▸ Provided data:
= Beginning of Section =
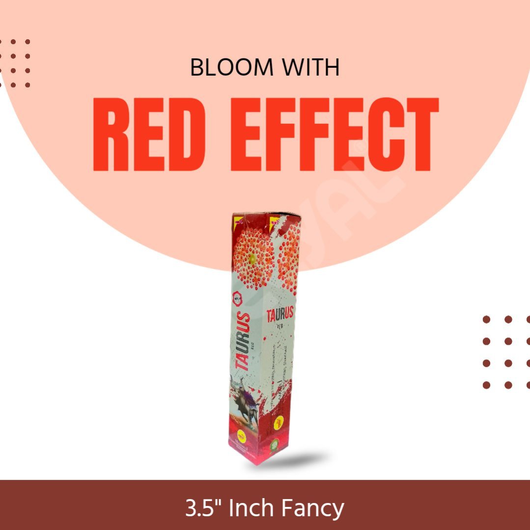 Get ready to ignite your Diwali celebrations with Taurus – 1Pc/Box – 3.5" Fancy Shot, a premium function firework that delivers a loud boom with a brilliant red burst effect in the sky. This powerful single-shot is designed for maximum impact, making it the perfect centerpiece for your festive display.
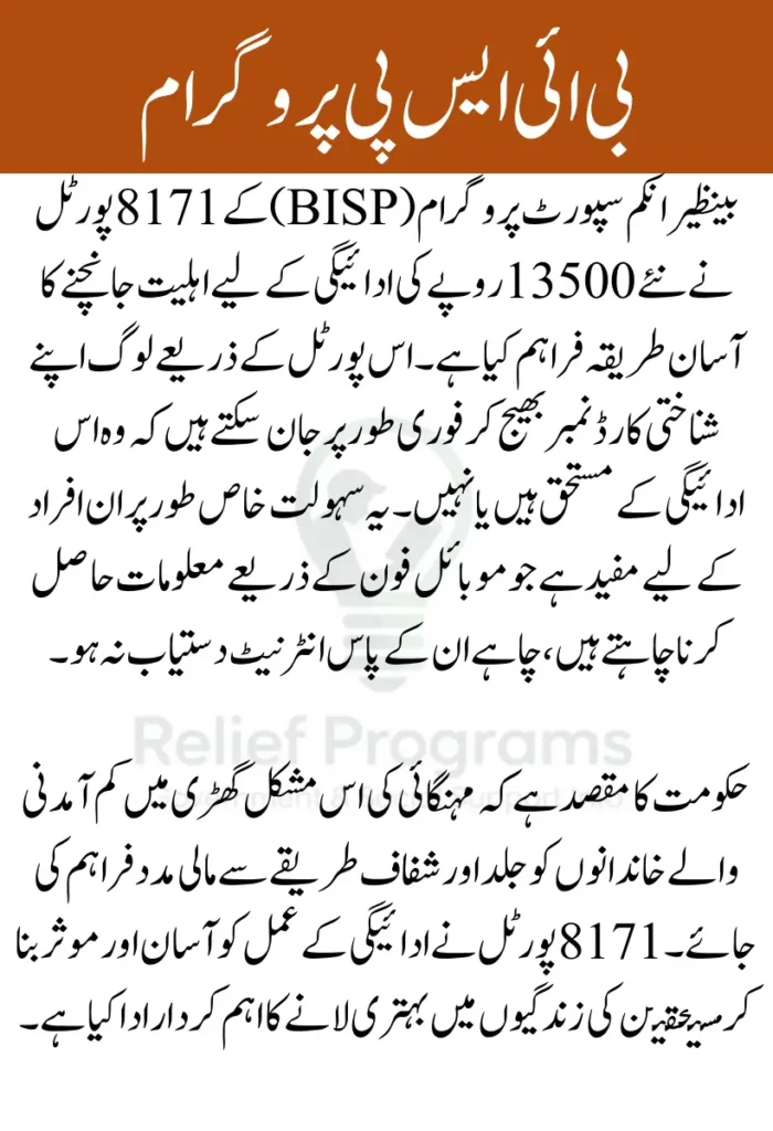 بینظیر انکم سپورٹ پروگرام کا 8171 پورٹل اب نئے 13500 روپے کی ادائیگی کے لیے اہلیت چیک کرنے کی سہولت فراہم کرتا ہے۔ اس پورٹل کی بدولت مستحق افراد اپنے شناختی کارڈ نمبر کے ذریعے آسانی سے اس بات کی تصدیق کر سکتے ہیں کہ آیا وہ اس رقم کے اہل ہیں یا نہیں۔ 8171 پورٹل کا استعمال موبائل کے ذریعے کیا جاتا ہے اور یہ خاص طور پر ان لوگوں کے لیے مفید ہے جن کے پاس انٹرنیٹ نہیں ہوتا۔ اس سہولت نے مالی امداد کا عمل بہت آسان بنا دیا ہے۔
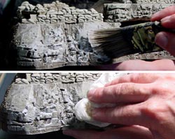 2. | If you chose of add dirt to the rock face, brush over the surface well to remove all of the dirt from the face. Wiping with a lightly damp towel is also helpful. Be sure to remove excess dirt from the plank steps and from the planks on the sandbag roof enclosure. |
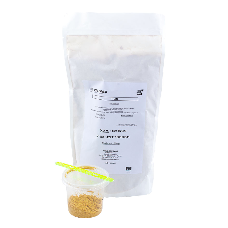 Il s’agit d’une solution de substitution des oeufs en boulangerie-pâtisserie. Cet ingrédient clean-label est composé à 100% de farine de lin bio, sans gluten et d’origine France. Il permet de substituer totalement ou partiellement les oeufs dans les préparations. Le T-lin sécurise le sourcing, offre un gain économique, convient aux régimes vegan et possède des propriétés texturantes et émulsifiantes.
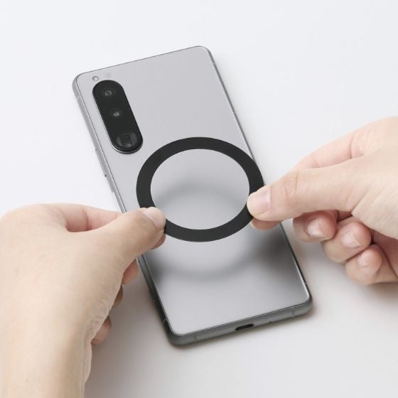 付属のメタルプレートをスマートフォンケースや端末に貼り付けることで、MagSafe非対応の機種でも使えます。
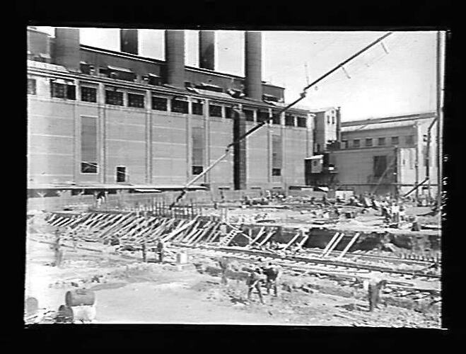 Foundations for the Yallourn 'B' power station boiler house, 1929, immediately adjacent to the 'A' boiler house (left and centre) and turbine house (right). Image shows several workmen in the foreground.
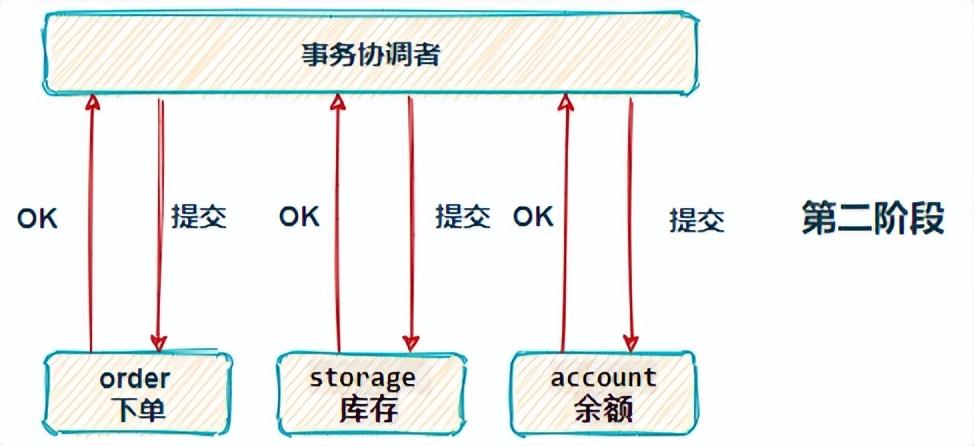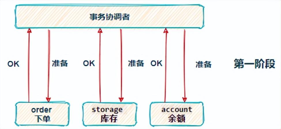当用户再次下单时,需同时对订单库 order、库存库 storage、用户库 account 进行操作,可此时我们只能保证自己本地的数据一致性,无法保证调用其他服务的操作是否成功,所以为了保证整个下单流程的数据一致性,就需要分布式事务介入。
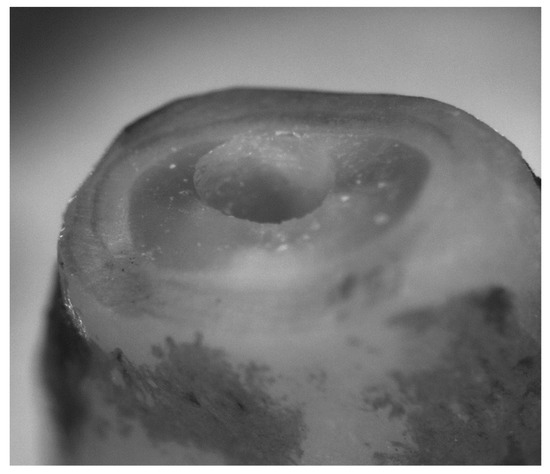 - Milani, A.S.; Froughreyhani, M.; Rahimi, S.; Jafarabadi, M.A.; Paksefat, S. The effect of root canal preparation on the development of dentin cracks. Iran. Endod. J. 2012, 7, 177–182. [Google Scholar] [PubMed]
= End of Section =
▸ Problem details: Restate, word for word and without pictures, the lines from the line containing "当用户再次下单时,需同时对订单库 order、库存库 storage、用户库" to the last line of the records above.

▸ Output of the exercise:
当用户再次下单时,需同时对订单库 order、库存库 storage、用户库 account 进行操作,可此时我们只能保证自己本地的数据一致性,无法保证调用其他服务的操作是否成功,所以为了保证整个下单流程的数据一致性,就需要分布式事务介入。
 - Milani, A.S.; Froughreyhani, M.; Rahimi, S.; Jafarabadi, M.A.; Paksefat, S. The effect of root canal preparation on the development of dentin cracks. Iran. Endod. J. 2012, 7, 177–182. [Google Scholar] [PubMed]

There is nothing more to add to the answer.